**Material provided:**
________________

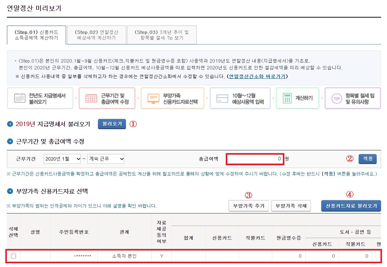 첫 단계인 '신용카드 소득공제액 계산하기'에서는 '2019년 지급명세서 불러오기' - '근무기간 및 총급여액 수정[적용]' - 부양가족 신용카드 자료 선택[부양가족 추가]' - '신용카드 자료불러오기' 순으로 따라 본인과 부양가족의 신용카드 사용금액을 불러옵니다.
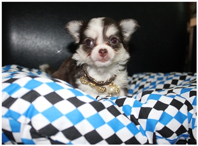 ชิวาวา ขนยาว สีขาว (สีไฮโซ) หัวโหนก ตากลมโต ตัวเล็ก กินเก่ง แข็
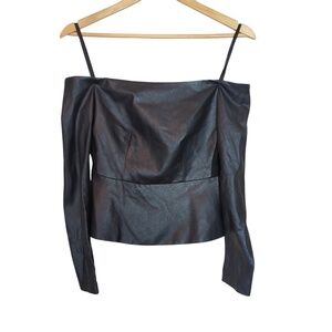 Black, faux leather off the shoulder peplum top with back zip closure.
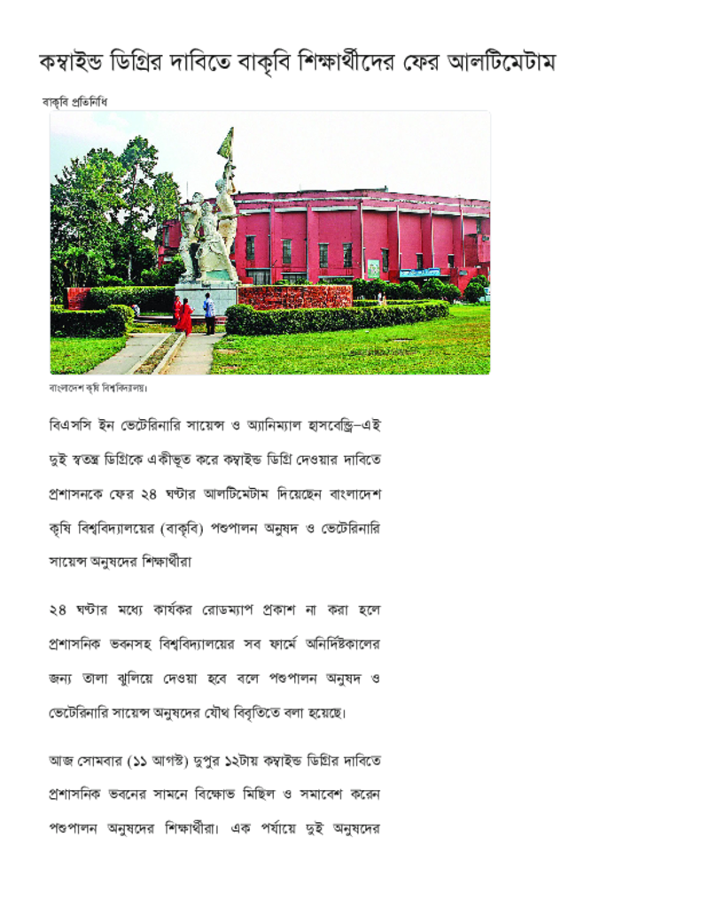 কম্বাইন্ড ডিগ্রির দাবিতে বাকৃবি শিক্ষার্থীদের ফের আলটিমেটাম.pdf Published on 11 August 2025 Newspaper দৈনিক কালের কন্ঠ Category Others General Education Download
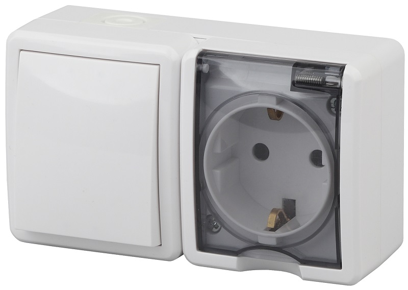 Блок накладной Эра Эксперт розетка 1-м.+выключатель 1-кл. IP54 белый картинка
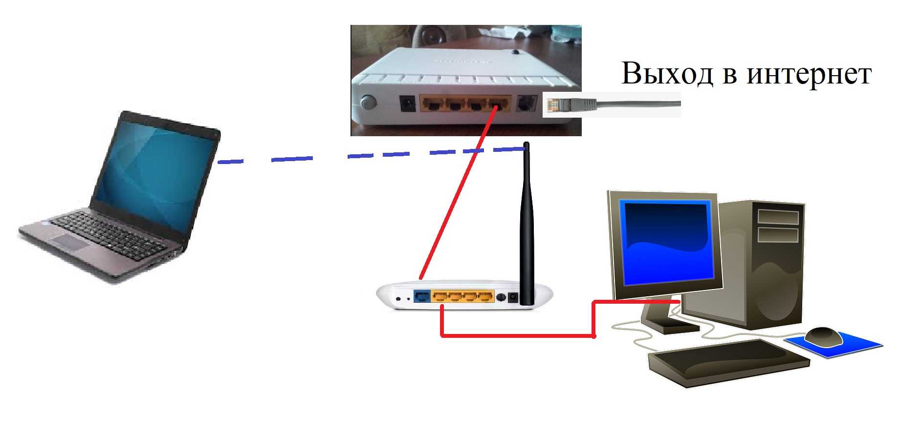 Ситуация такая. Есть ПК года выпуска где-то до 2004, на нём стоит XP и ничего новее ему уже не осилить. И есть ноутбук. На нём стоит Windows 10. Обе этих машины имеют доступ в интернет по схеме, которую я изобразил в таком незамысловатом виде (см. рисунок).

________________

**Exercise brief:**
Copy the listing over exactly, skipping the pictures it holds.

**Output:**
 첫 단계인 '신용카드 소득공제액 계산하기'에서는 '2019년 지급명세서 불러오기' - '근무기간 및 총급여액 수정[적용]' - 부양가족 신용카드 자료 선택[부양가족 추가]' - '신용카드 자료불러오기' 순으로 따라 본인과 부양가족의 신용카드 사용금액을 불러옵니다.
 ชิวาวา ขนยาว สีขาว (สีไฮโซ) หัวโหนก ตากลมโต ตัวเล็ก กินเก่ง แข็
 Black, faux leather off the shoulder peplum top with back zip closure.
 কম্বাইন্ড ডিগ্রির দাবিতে বাকৃবি শিক্ষার্থীদের ফের আলটিমেটাম.pdf Published on 11 August 2025 Newspaper দৈনিক কালের কন্ঠ Category Others General Education Download
 Блок накладной Эра Эксперт розетка 1-м.+выключатель 1-кл. IP54 белый картинка
 Ситуация такая. Есть ПК года выпуска где-то до 2004, на нём стоит XP и ничего новее ему уже не осилить. И есть ноутбук. На нём стоит Windows 10. Обе этих машины имеют доступ в интернет по схеме, которую я изобразил в таком незамысловатом виде (см. рисунок).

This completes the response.